Input data below:

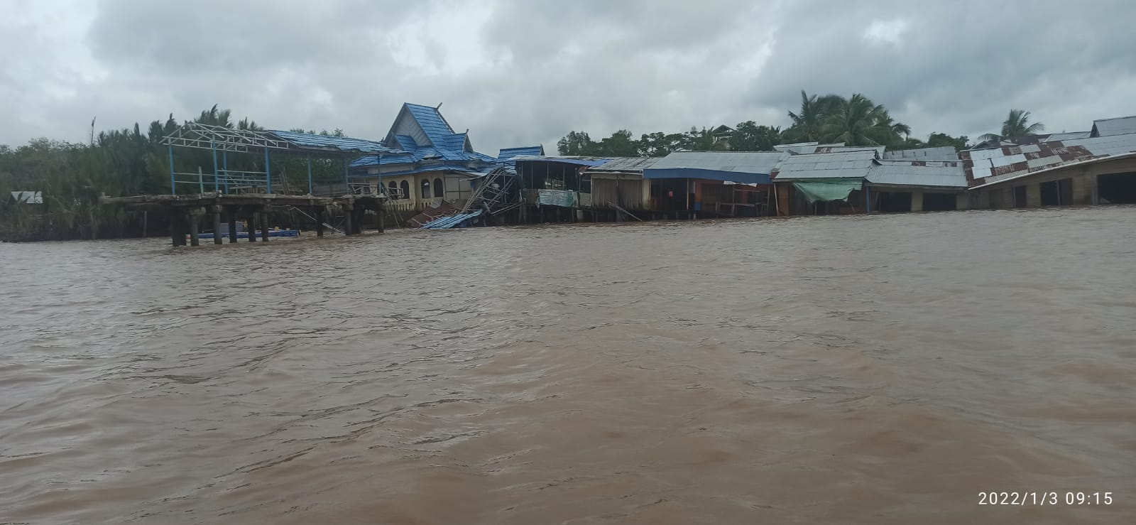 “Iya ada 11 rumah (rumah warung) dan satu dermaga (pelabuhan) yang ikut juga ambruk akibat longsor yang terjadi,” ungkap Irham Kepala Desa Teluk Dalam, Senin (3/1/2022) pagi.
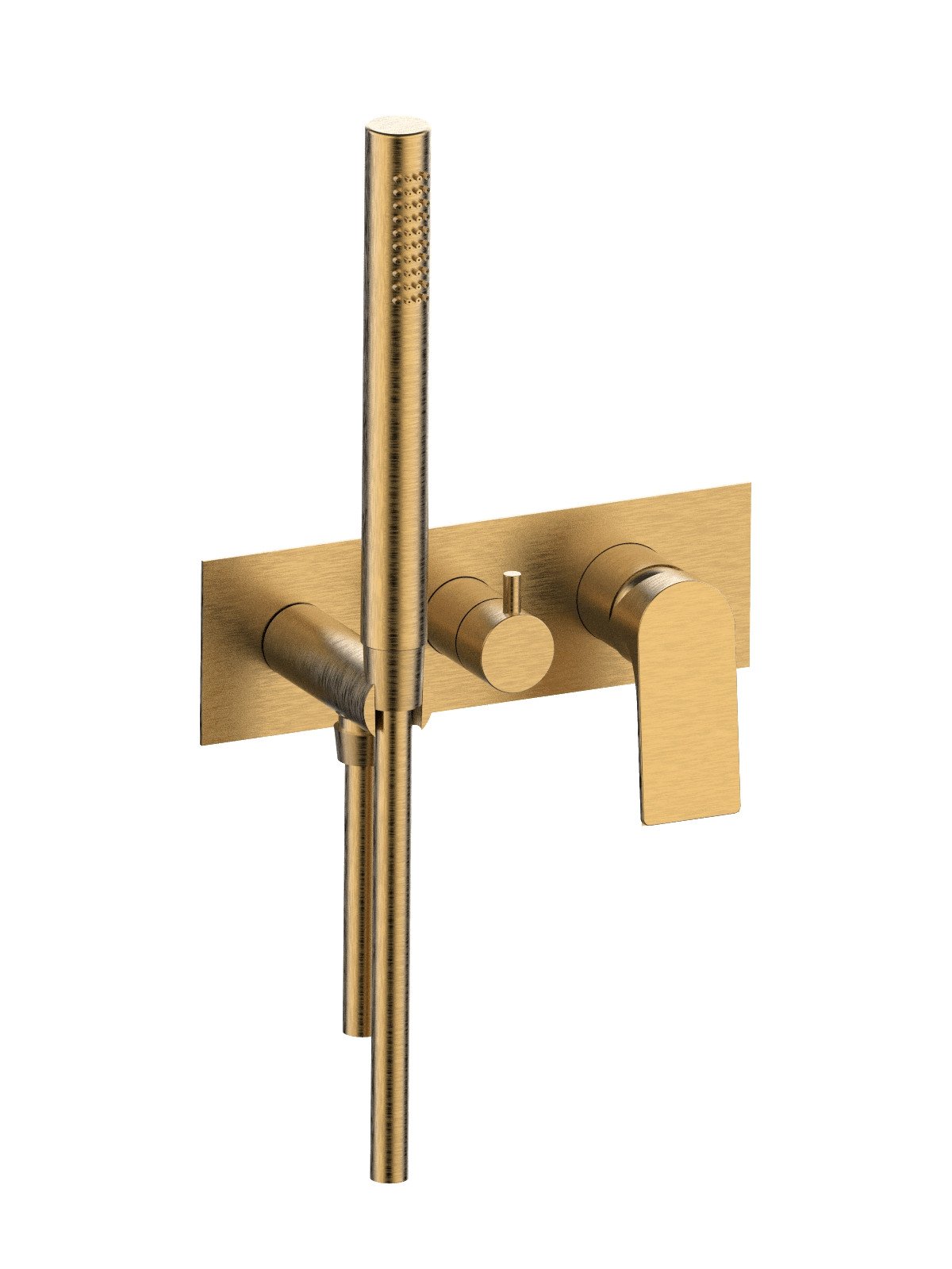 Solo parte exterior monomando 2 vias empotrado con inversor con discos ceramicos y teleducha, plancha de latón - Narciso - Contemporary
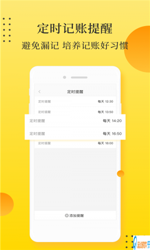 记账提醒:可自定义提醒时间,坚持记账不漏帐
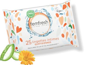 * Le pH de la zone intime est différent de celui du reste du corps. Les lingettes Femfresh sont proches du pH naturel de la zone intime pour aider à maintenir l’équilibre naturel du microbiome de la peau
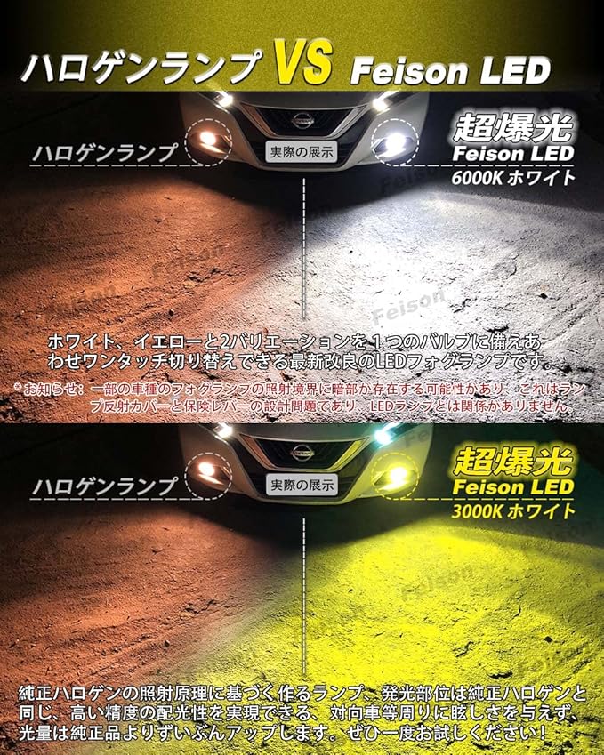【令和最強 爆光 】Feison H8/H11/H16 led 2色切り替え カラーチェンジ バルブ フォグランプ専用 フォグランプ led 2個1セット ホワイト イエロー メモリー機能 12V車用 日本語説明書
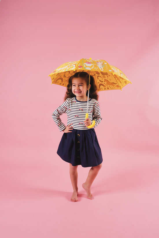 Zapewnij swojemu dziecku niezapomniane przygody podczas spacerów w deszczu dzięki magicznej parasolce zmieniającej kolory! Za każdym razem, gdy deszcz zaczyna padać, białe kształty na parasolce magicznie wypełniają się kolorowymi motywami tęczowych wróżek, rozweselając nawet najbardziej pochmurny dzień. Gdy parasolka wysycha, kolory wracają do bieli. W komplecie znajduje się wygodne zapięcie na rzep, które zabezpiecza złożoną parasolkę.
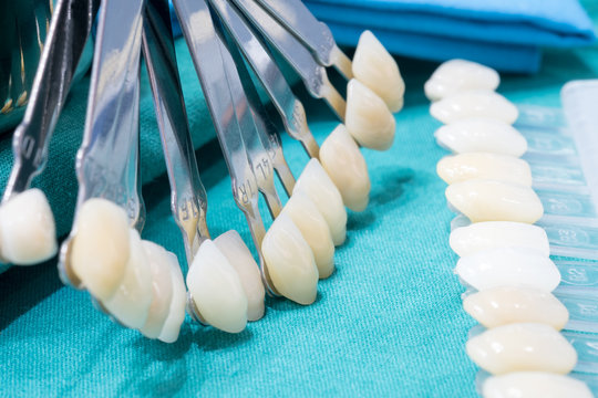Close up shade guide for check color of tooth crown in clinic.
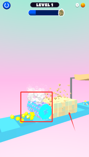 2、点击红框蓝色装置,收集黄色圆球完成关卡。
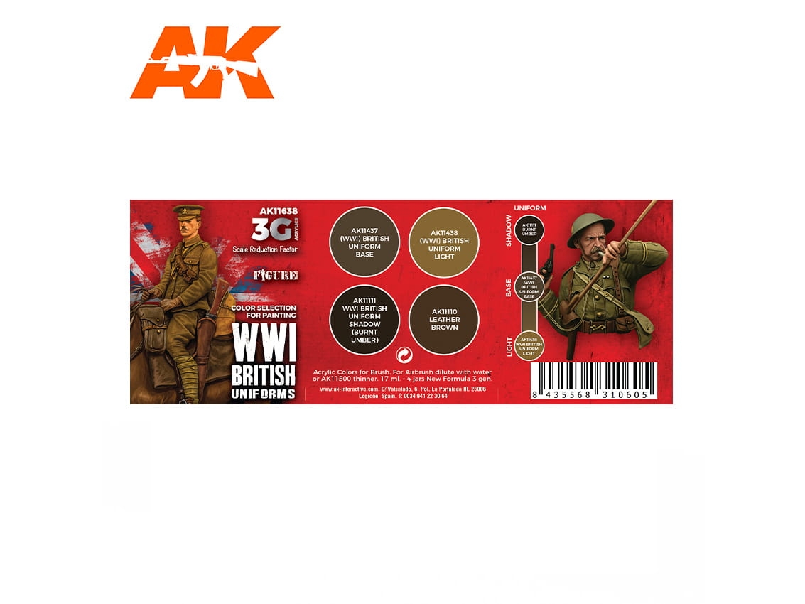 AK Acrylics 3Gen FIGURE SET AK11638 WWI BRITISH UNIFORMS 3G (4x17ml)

End of Input data.

(Requirement): Leave the pictures out and copy exactly the lines from the one that holds "2、点击红框蓝色装置,收集黄色圆球完成关卡。" through the last line of the material.

(Written response):
 2、点击红框蓝色装置,收集黄色圆球完成关卡。
 AK Acrylics 3Gen FIGURE SET AK11638 WWI BRITISH UNIFORMS 3G (4x17ml)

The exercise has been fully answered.